Grammatostomias flagellibarba
- Conservation status: Least Concern (IUCN 3.1)

Scientific classification
- Domain: Eukaryota
- Kingdom: Animalia
- Phylum: Chordata
- Class: Actinopterygii
- Order: Stomiiformes
- Family: Stomiidae
- Genus: Grammatostomias
- Species: G. flagellibarba
- Binomial name: Grammatostomias flagellibarba Holt & Byrne, 1910
- Synonyms: Lamprotoxus phanobrochus Regan & Trewavas, 1930

= Grammatostomias flagellibarba =

- Genus: Grammatostomias
- Species: flagellibarba
- Authority: Holt & Byrne, 1910
- Conservation status: LC
- Synonyms: Lamprotoxus phanobrochus Regan & Trewavas, 1930

Species of fish

Grammatostomias flagellibarba is a species of barbeled dragonfish. They live at depths of up to 1,500 m (5,000 ft) below the surface and usually measure up to 15.2 cm (6 in) in length.

==Type specimen and description==
The type specimen was caught in a shrimp trawl by the Helga on 12 November 1909 at 51° 20' N, 11° 56' W, southwest of Ireland. They were trawling over bottom 736 fathoms (4416 ft) deep, but "the net never touched bottom, and probably did not go deeper than 700 fathoms" (4200 ft).

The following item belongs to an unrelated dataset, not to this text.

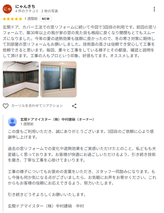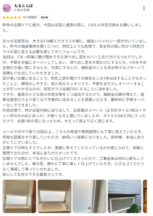 YouTubeを見て知り、内窓15箇所と、玄関ドアと勝手口ドアの交換を依頼しました。わかりやすい説明と、作業段取りの良さと、仕上がりの良さで、大満足です。
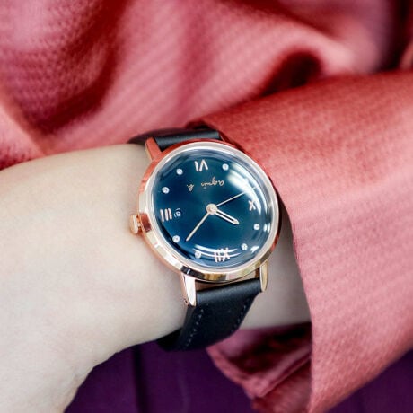 アニエスベー手書きのローマ数字や、軽やかなデザインの時針がスタイリッシュな印象のダイヤルデザインのレディスモデル。ダイヤルインデックスはスワロフスキークリスタル入りで、さりげない華やかさを演出。

It is black and possesses a chin barbel that is about six times as long as the body, a large photophore behind and just below each eye, and two rows of very small photophores on each side of the body.

==Distribution==
It is found in the North Atlantic, specifically off southern Ireland and in the Bay of Biscay.